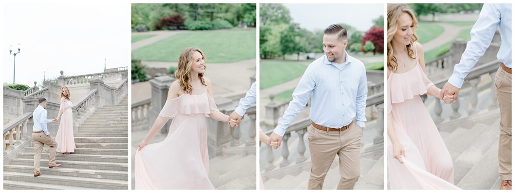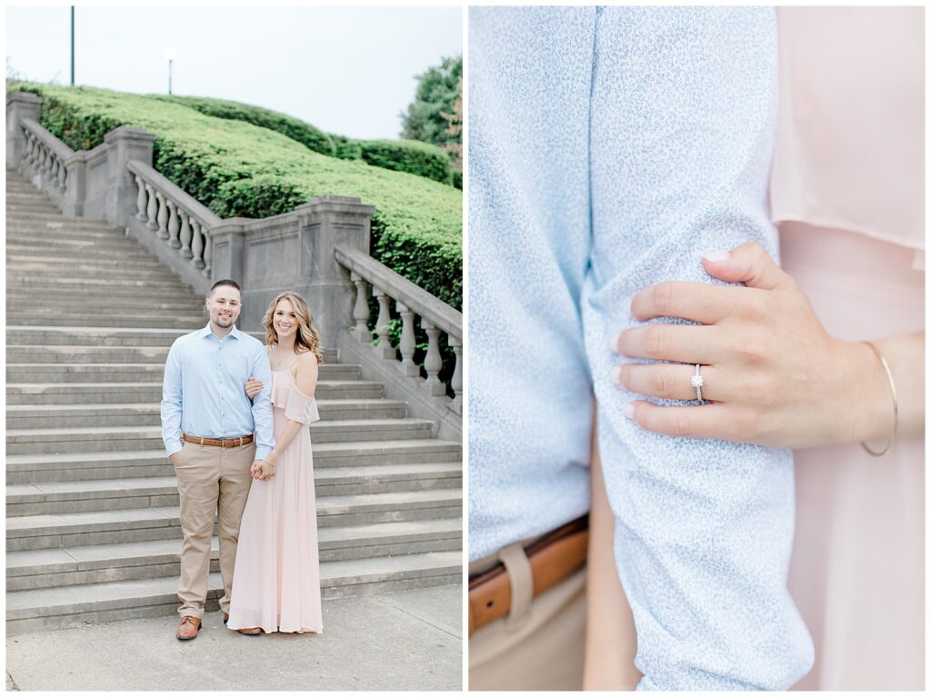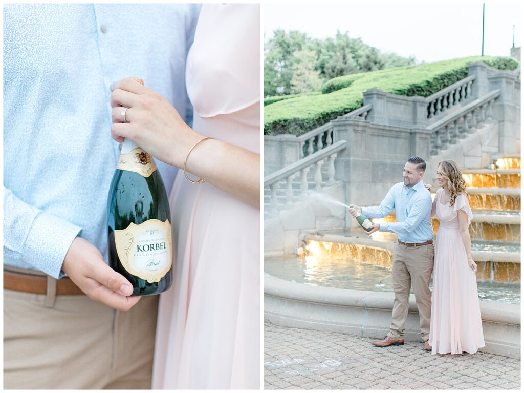 Ault Park is one of my favorite engagement locations in the Cincinnati area, and it was the perfect place to wander the gardens, steps, fountains, and pavilion. We ended the session with a champagne pop — the perfect way to celebrate!
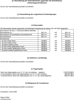Der Haushaltsplan liegt zur Einsichtnahme werktags, außer samstags, in der Zeit vom 07.04.2026 bis einschließlich 15.04.2026 während der Dienstzeiten bei der Verbandsgemeindeverwaltung Rodalben, Am Rathaus 9, 66976 Rodalben, Zimmer 213, öffentlich aus.
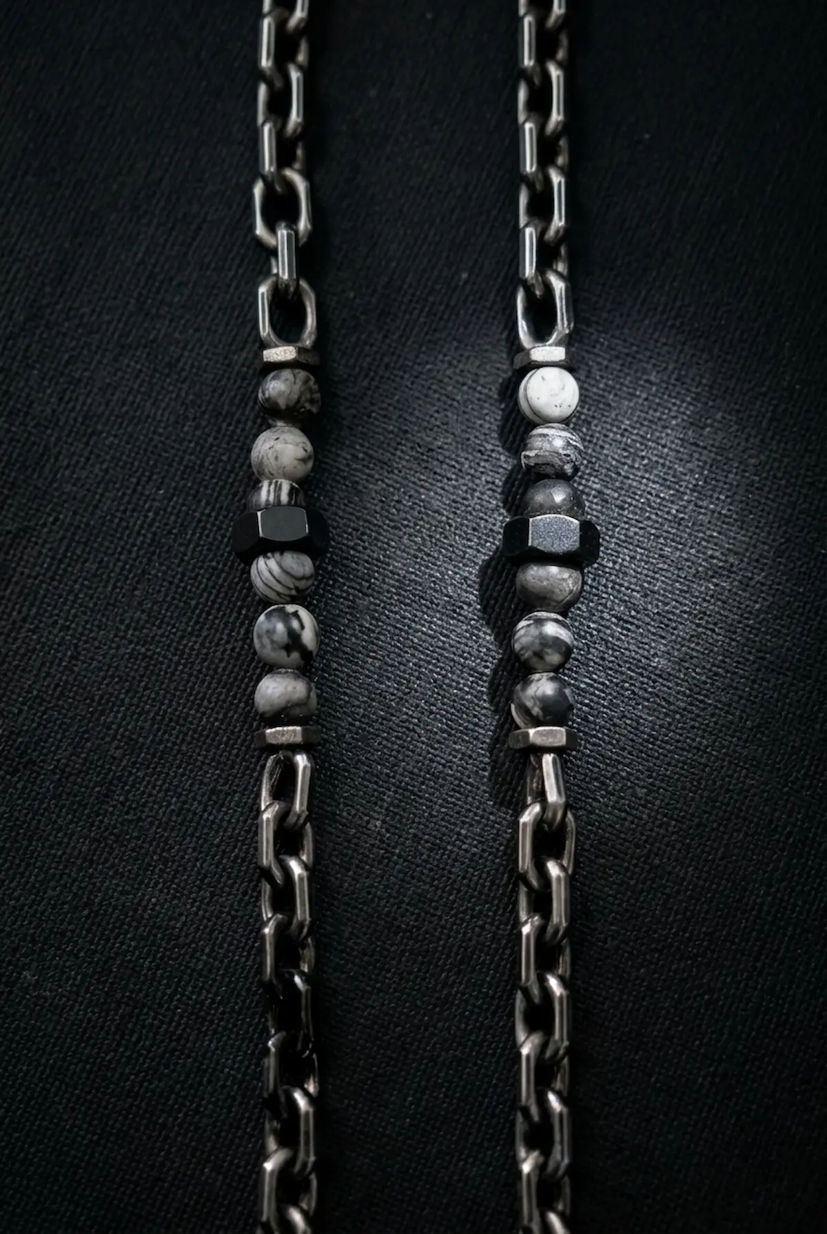 El acero industrial sella la protección mientras las piedras de jaspe telaraña aquieta el pensamiento con propiedades metafísicas de paz, consuelo, sanación y conexión a tierra. Una armadura de fe para quien transforma el metal en destino y el camino en su templo.
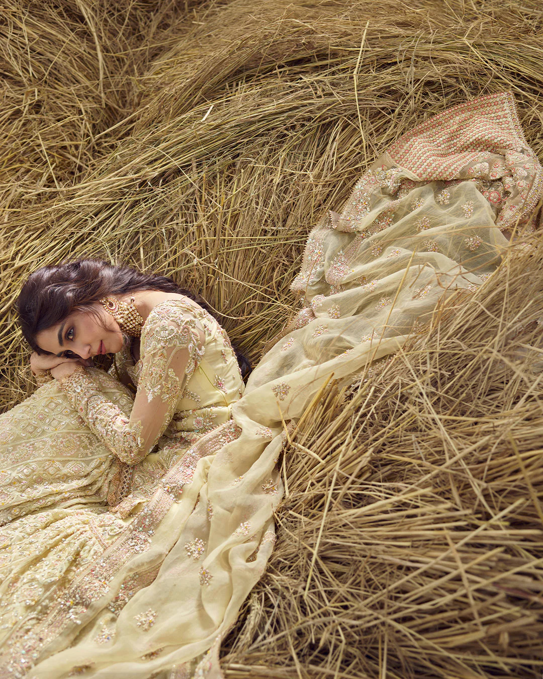 Handcrafted using gota, tilla, kingry, kora, dabka, and pearl detailing. Subtle variations may occur, highlighting the authenticity of artisanal craftsmanship.

> **REQUIRED ACTION**: Repeat, without pictures, exactly the lines of the data above from the one containing "Der Haushaltsplan liegt" through the one containing "El acero industrial", including both and adding nothing.

> **FINISHED EXERCISE**:
Der Haushaltsplan liegt zur Einsichtnahme werktags, außer samstags, in der Zeit vom 07.04.2026 bis einschließlich 15.04.2026 während der Dienstzeiten bei der Verbandsgemeindeverwaltung Rodalben, Am Rathaus 9, 66976 Rodalben, Zimmer 213, öffentlich aus.
 El acero industrial sella la protección mientras las piedras de jaspe telaraña aquieta el pensamiento con propiedades metafísicas de paz, consuelo, sanación y conexión a tierra. Una armadura de fe para quien transforma el metal en destino y el camino en su templo.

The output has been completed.